One could use scipy.cov, but if one does the calculation directly (which is very easy), there are more ways to speed this up.
First, make some fake data that has some spacial correlations. I'll do this by first making the spatial correlations, and then using random data points that are generated using this, where the data is positioned according to the underlying map, and also takes on the values of the underlying map.
Edit 1:
I changed the data point generator so positions are purely random, but z-values are proportional to the spatial map. And, I changed the map so that left and right side were shifted relative to eachother to create negative correlation at large h.
from numpy import *
import random
import matplotlib.pyplot as plt
S = 1000
N = 900
# first, make some fake data, with correlations on two spatial scales
# density map
x = linspace(0, 2*pi, S)
sx = sin(3*x)*sin(10*x)
density = .8* abs(outer(sx, sx))
density[:,:S//2] += .2
# make a point cloud motivated by this density
random.seed(10) # so this can be repeated
points = []
while len(points)<N:
v, ix, iy = random.random(), random.randint(0,S-1), random.randint(0,S-1)
if True: #v<density[ix,iy]:
points.append([ix, iy, density[ix,iy]])
locations = array(points).transpose()
print locations.shape
plt.imshow(density, alpha=.3, origin='lower')
plt.plot(locations[1,:], locations[0,:], '.k')
plt.xlim((0,S))
plt.ylim((0,S))
plt.show()
# build these into the main data: all pairs into distances and z0 z1 values
L = locations
m = array([[math.sqrt((L[0,i]-L[0,j])**2+(L[1,i]-L[1,j])**2), L[2,i], L[2,j]]

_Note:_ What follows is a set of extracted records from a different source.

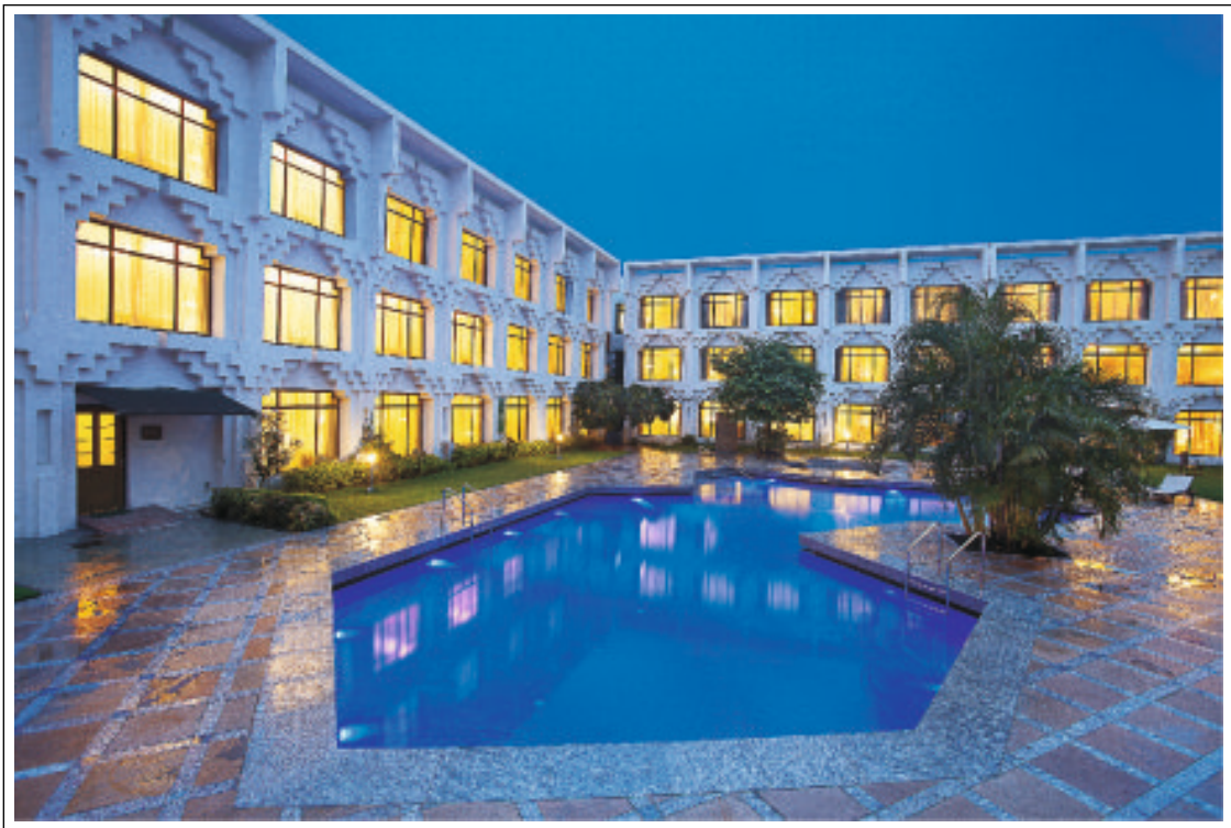
Pool Side View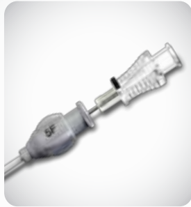
Clear needle hub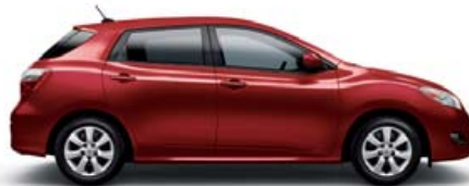
BARCELONA RED METALLIC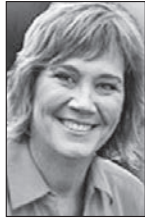
By MELINDA MYERS Columnist

It's never too early to prepare for the garden season ahead. Having the right tool for the job saves time, reduces the frustration of trying to make the wrong tool work, and allows you to garden longer with less muscle fatigue.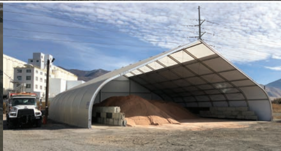
Sand and salt storage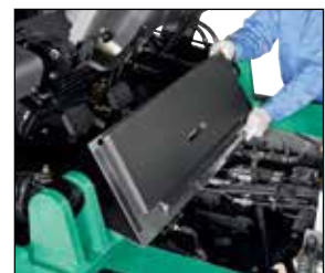
Electronic Controlled Automatic Transmission provides travel control with a single control lever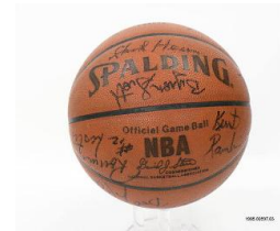
Title: Basketball Autographed by the Los Angeles Lakers Date: 1985 Primary Maker: Spalding Medium: Leather, Rubber, Ink Collections: Sports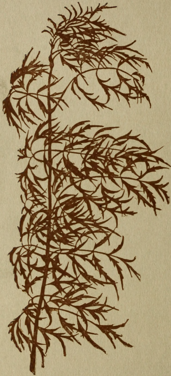
AMERICAN CUT-LEAVED ELDER (NEW).

for i in range(N) for j in range(N) if i>j])
Which gives:
The above is just the simulated data, and I made no attempt to optimize it's production, etc. I assume this is where the OP starts, with the task below, since the data already exists in a real situation.
Now calculate the "covariogram" (which is much easier than generating the fake data, btw). The idea here is to sort all the pairs and associated values by h, and then index into these using ihvals. That is, summing up to index ihval is the sum over N(h) in the equation, since this includes all pairs with hs below the desired values.
Edit 2:
As suggested in the comments below, N(h) is now only the pairs that are between h-dh and h, rather than all pairs between 0 and h (where dh is the spacing of h-values in ihvals -- ie, S/1000 was used below).
# now do the real calculations for the covariogram
# sort by h and give clear names
i = argsort(m[:,0]) # h sorting
h = m[i,0]
zh = m[i,1]
zsh = m[i,2]
zz = zh*zsh
hvals = linspace(0,S,1000) # the values of h to use (S should be in the units of distance, here I just used ints)
ihvals = searchsorted(h, hvals)
result = []
for i, ihval in enumerate(ihvals[1:]):
start, stop = ihvals[i-1], ihval
N = stop-start
if N>0:
mnh = sum(zh[start:stop])/N
mph = sum(zsh[start:stop])/N
szz = sum(zz[start:stop])/N
C = szz-mnh*mph
result.append([h[ihval], C])
result = array(result)
plt.plot(result[:,0], result[:,1])
plt.grid()
plt.show()
which looks reasonable to me as one can see bumps or troughs at the expected for the h values, but I haven't done a careful check.
The main speedup here over scipy.cov, is that one can precalculate all of the products, zz. Otherwise, one would feed zh and zsh into cov for every new h, and all the products would be recalculated. This calculate could be sped up even more by doing partial sums, ie, from ihvals[n-1] to ihvals[n] at each timestep n, but I doubt that will be necessary.